Najkar et al. present an innovative approach to enhancing HMM-based speech recognition systems through PSO, replacing the traditional Viterbi algorithm. This method involves the generation and iterative optimization of segmentation vectors, utilizing both standard and global strategies to improve likelihood measures. Experiments on isolated word recognition and phone classification demonstrate that the PSO approach retains accuracy while reducing computational complexity. The advantages of PSO over GAs and the Baum-Welch algorithm are highlighted, particularly its superior global search capabilities and efficient convergence. This methodology shows promise for future applications in continuous speech recognition, especially in scenarios with limited computational resources [76]. Speech control mechanisms are increasingly used in industrial operations to enhance efficiency, but they often struggle with performance degradation due to environmental noise. A recent paper presents an innovative approach using Intelligent PSO (IPSO) to optimize beamformers that improve speech recognition systems in commercial settings [77]. Traditional methods can distort signals during noise filtration, while conventional optimization algorithms fail to address the discontinuous nature of recognition accuracy landscapes. IPSO effectively manages these discontinuities by adjusting velocities and maintaining particle diversity, resulting in superior recognition rates compared to other algorithms and traditional methods. This makes IPSO a promising tool for enhancing speech recognition in noisy environments and advancing industrial automation systems.

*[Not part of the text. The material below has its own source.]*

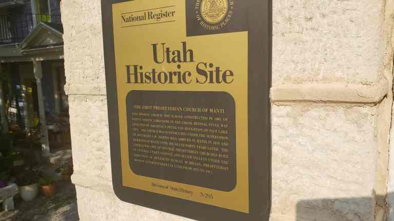 From the national register’s nomination form: The First Presbyterian Church of Manti is significant because it documents the important role of a non-Mormon religious organization in stimulating improved educational opportunities in Utah and because the circumstances surrounding its being brought into existence place aspects of Mormon settlement into a new perspective. The building is a distinguished addition to the built environment of Manti.
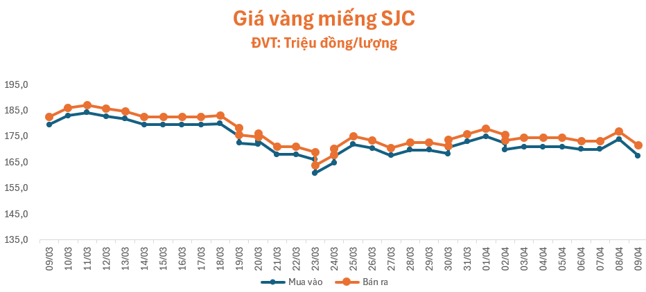 Giá vàng quay đầu lao dốc trong phiên giao dịch sáng nay (9/4), lúc 9 giờ 5 phút, giá vàng miếng SJC tại cửa hàng SJC, Bảo Tín Minh Châu, PNJ và Doji đều niêm yết ở mức 167,5 – 171,5 triệu đồng/lượng (mua – bán), giảm 6,5 triệu đồng/lượng ở chiều mua và giảm 5,5 triệu đồng/lượng ở chiều bán so với giá khảo sát sáng qua, chênh lệch mua – bán đạt mức 4 triệu đồng/lượng.

In [78], the authors present an innovative speech recognition approach by integrating Improved PSO (IPSO) with HMM. The methodology involves denoising speech signals with a median filter and extracting pitch, peak spectrum, and Mel-Frequency Cepstral Coefficients (MFCC) features. A key aspect of the research is using a GA-based vector quantization technique that optimally clusters these features to enhance the training set, resulting in a highly accurate speech recognition system with a success rate of 97.14%. This approach effectively addresses common challenges in speech recognition, such as signal noise and feature extraction limitations, positioning it as a superior alternative to traditional methods in acoustic signal processing. Reference [20] enhanced ASR systems through a hybrid algorithm that combines Artificial Bee Colony (ABC) and PSO. This approach focuses on optimal feature selection from speech data to train an SVM classifier, significantly increasing recognition accuracy and performance. The ASR system involves three key stages: preprocessing with a Wiener filter to reduce noise, extracting eight statistical and acoustic features, and utilizing the ABC-PSO algorithm for feature selection. Testing on MATLAB with recorded speech datasets reveals that this method drastically improves recognition accuracy compared to systems without feature selection. The study underscores the potential for hybrid algorithms to enhance ASR systems, making them applicable for real-world scenarios requiring reliable speech recognition. Another research explores the integration of SVM and PSO to enhance ASR for recognizing digits in Brazilian Portuguese. SVM generates an optimal hyperplane for efficient pattern categorization, while PSO mimics natural social behaviors to optimize data representation. The study employs preprocessing techniques, such as mel-cepstral coefficients and Discrete Cosine Transform (DCT), to convert speech signals into a two-dimensional matrix for input into the PSO algorithm before training the SVM classifier. The findings indicate that this hybrid approach significantly improves processing times and classification accuracy compared to SVM alone, with kernel functions like Radial Basis Function (RBF) enhancing performance. This combination represents a notable advancement in ASR, offering the potential for more efficient systems capable of handling diverse languages and dialects [79].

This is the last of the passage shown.